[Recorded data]
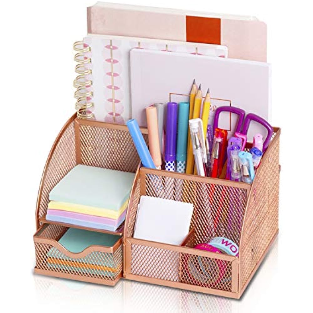 The original rose gold desk organizer comes with 6 differently shaped and sized compartments, aswell as a cute little drawer, all intended for any use from pens to notebooks.
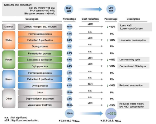 对突变菌株TDH4A1B5进行基因水平的改造,加入phaCAB操纵子,增强代谢通量,在7L体系中进行的40小时未灭菌补料分批发酵,相较于野生型的PHB和P34HB产量分别增加了21%和36%(图3)。进一步对其进行改造使得苏氨酸分泌率和外泌素分泌率分别提高了50%和77%,多方面的解析显示了其低盐浓度底盘菌的应用潜力(图4)。通过基因比对,揭示了嗜盐宿主菌株的盐胁迫调控机制,包括101个与渗透压相关的基因。更重要的是,通过使用重组嗜蓝菌TDH4A1B5,在7L发酵体系下的PHA的成本降低了1/3,这显著提高了其经济竞争力(图5)。
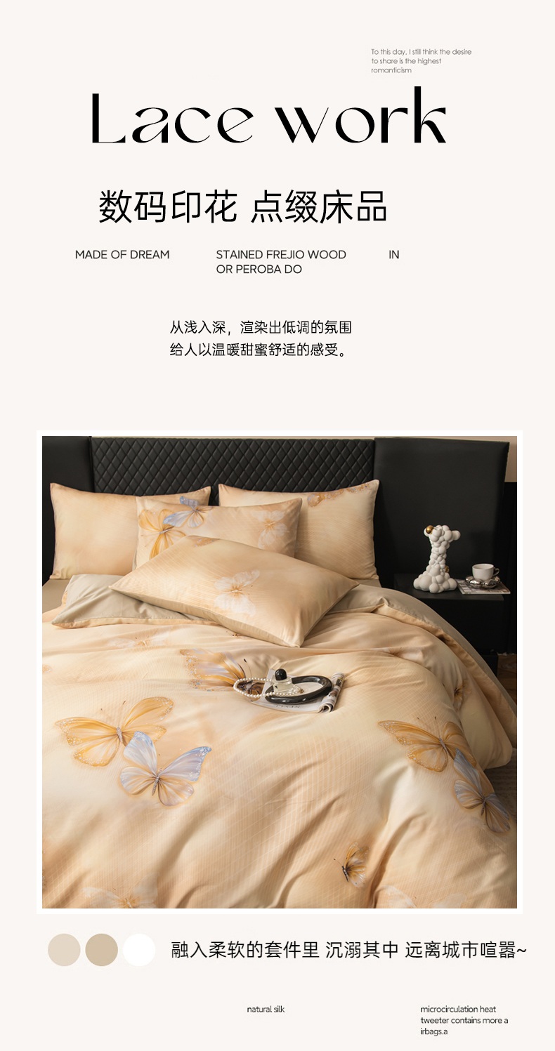 当前位置: 91家纺网 > 商品网购 > 床品套件 > 四件套 > 其它四件套 > 氧家 2025新款60s贡缎长绒棉数码印花四件套(礼盒装) 蝶恋
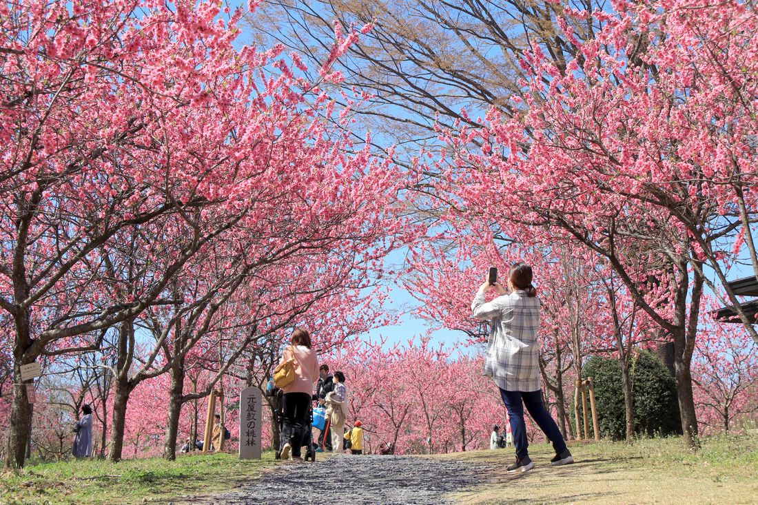 第50回古河桃まつりが開催中の茨城県古河市・古河公方公園では、園内の約9割を占める桃色の「矢口」をはじめ、6種類・およそ1800株のハナモモが見頃を迎えています。
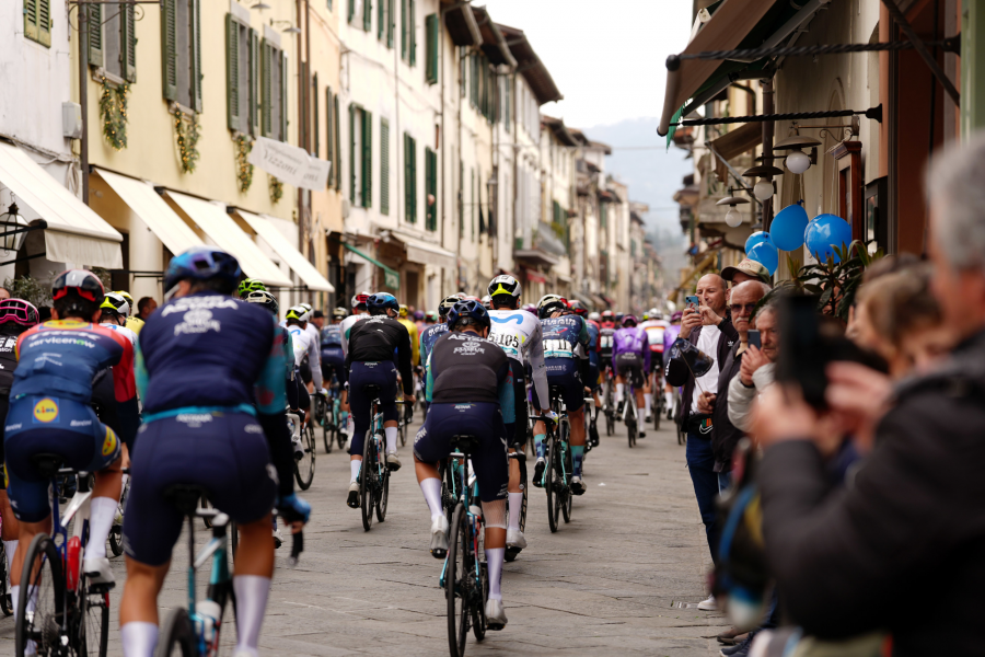 Il volto ricoperto del fango degli sterri degli ultimi 5,3 km preludio all’ascesa nel centro storico di San Gimignano (SI) sino al traguardo; la pioggia che all’improvviso (anche se prevista) si mette a battere sui manubri come un martello e il gruppo che rincorre quelli che li davanti se la stanno giocando, ma anche godendo come poi dichiarerà con il viso sorridente, Mathieu van del Poel (Alpecin Premier-Tech), vincitore della prima tappa in linea di questa Corsa dei due Mari, Uno che qui ha fatto tesoro della sua esperienza di ciclocrossista e della sua grande capacità di guidare la bici. Una frazione bellissima, che attraversa strade antiche e moderne al contempo, in una Toscana che da Camaiore ci porta all’entroterra costellato di borghi e macchie di verde ove il biancospino la fa da padrone e la strada porta con sé gioia e colore.
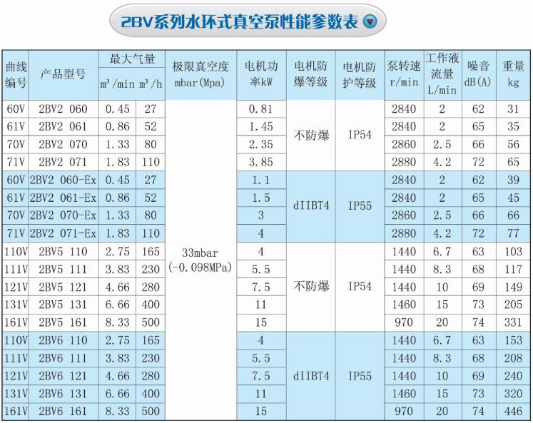 2BV系列水環式真空泵適用于抽出氣體和水蒸氣,吸氣壓力可以達到33mbar絕壓(97%真空度) 。當水環真空泵在吸氣壓力接近極限真空(工作液的飽和蒸汽壓)下長期工作時,應聯接汽蝕保護管,以對泵進行保護。作為壓縮機用時,其壓力大至0.26MPa (絕壓)。2BV系列水環真空泵作為新一-代節能型產品,其以優良的性能及眾多優點將取代同性能的SK/2SK系列水環真空泵及W/WY/WL系列往復真空泵。2BV2- -Ex/2BV6系列水環式真空泵/壓縮機主要用于抽出爆炸性氣體,及各類易燃、易爆環境中工作,其性能參數與2BV2/2BV5系列相同。
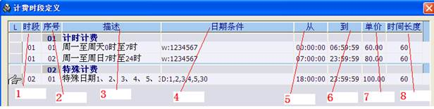 第二条是从00:00:00到03:59:59。位置7的单价是收费价格,按照位置8的时间长度来填写,时间长度的单位为1分钟。
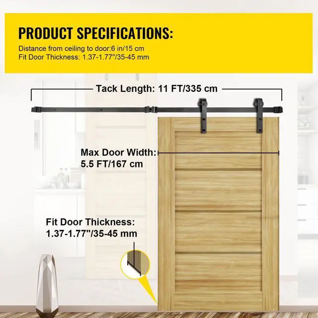 Sliding Barn Door Hardware Kit, 11FT Barn Door Kit, 330LBS Load-Bearing Double Barn Door Hardware Kit, Carbon Steel Barn Door Track, Darn Door for 1.37-1.77\" Thickness & 5.5FT Wide Door Panel
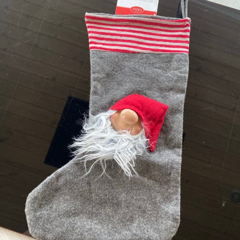 Jysk Tjalfe julestrømpe rød med nissemotiv
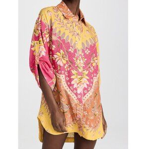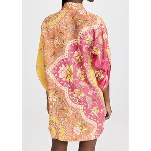 Agua Bendita 'Chrissy Lula' cover-up tunic shirt featuring a vivid mixed-print, roll-tab sleeves and a high-low hemline.
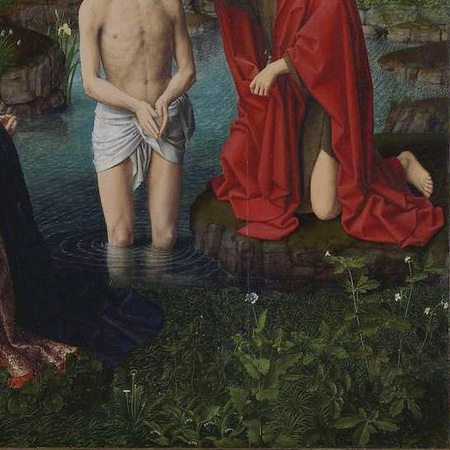 Давид показывает их так, словно копирует из натуры, но смысл в них выходит за пределы натурализма. Белые цветы рядом с Христом читаются как символ чистоты и новой жизни, подорожник традиционно связывают с целением, а это подходит к сюжету Крещения, где вода становится источником духовного исцеления. Самый факт того, что растения тянутся прямо к воде, создаёт ощущение движения к свету, будто они реагируют на священное действие.
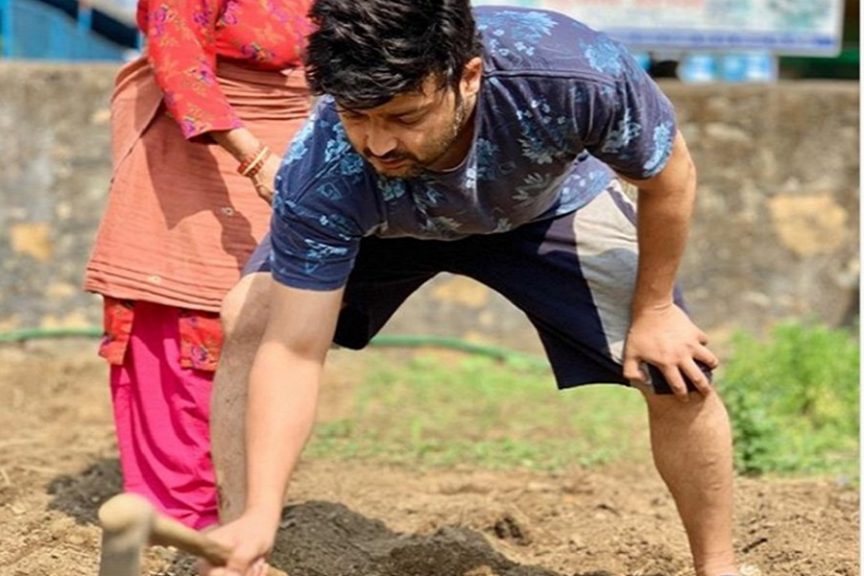लकडाउनमा बारी खन्दै नायक आर्यन
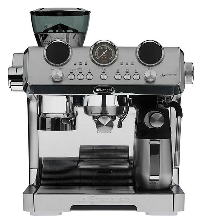 Кофеварка рожковая De'Longhi EC 9885.M предназначена для приготовления молотого кофе и напитков на его основе в гостиницах, офисах и домашних условиях. Модель оснащена встроенной кофемолкой и профессиональной системой Sensor Grinding Technology, обеспечивающей безупречную точность помола. Корпус выполнен из нержавеющей стали. Комплектация:
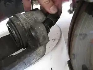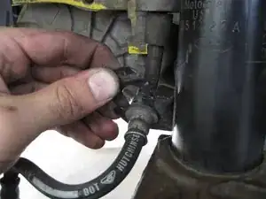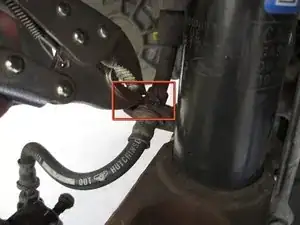 Удалите зажим, который держит тормозную линию на стойке, с помощью плоскогубцев.
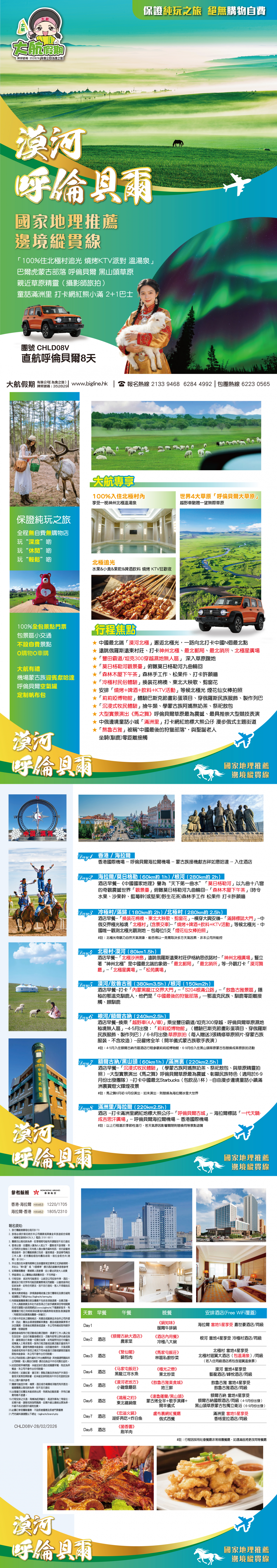 .酒店 --打卡滿洲里網紅地標大熊公仔--「呼倫貝爾古城」-- 海拉爾標誌「一代天驕-成吉思汗廣場」-- 呼倫貝爾海拉爾機場 -- 香港國際機場
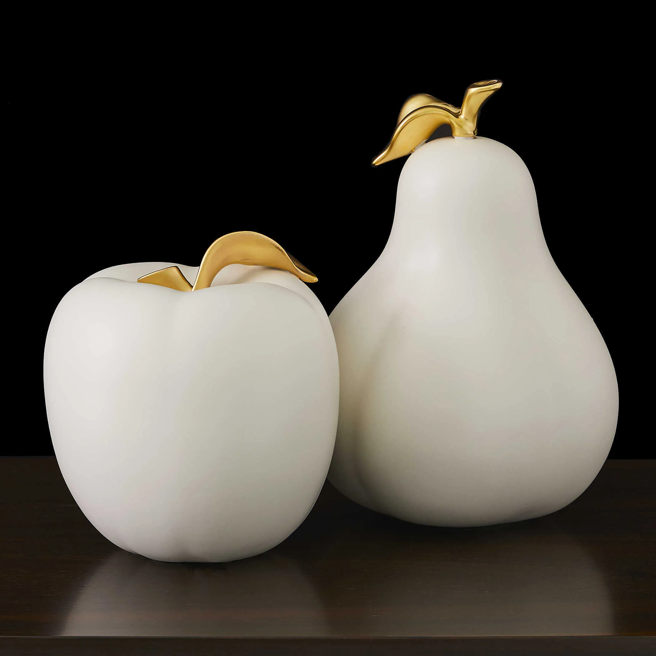 Beautifully sculpted ceramic apple and pear decorated in subtle matte white glaze highlighted with real gold decoration. Sizes: Apple-8x8x8, Pear-9x12x9

WHAT YOU NEED TO DO: What you write must match, line for line, the lines from the one with "Удалите зажим, который" through the last line of the data above, minus the pictures.

ANSWER:
 Удалите зажим, который держит тормозную линию на стойке, с помощью плоскогубцев.
 .酒店 --打卡滿洲里網紅地標大熊公仔--「呼倫貝爾古城」-- 海拉爾標誌「一代天驕-成吉思汗廣場」-- 呼倫貝爾海拉爾機場 -- 香港國際機場
 Beautifully sculpted ceramic apple and pear decorated in subtle matte white glaze highlighted with real gold decoration. Sizes: Apple-8x8x8, Pear-9x12x9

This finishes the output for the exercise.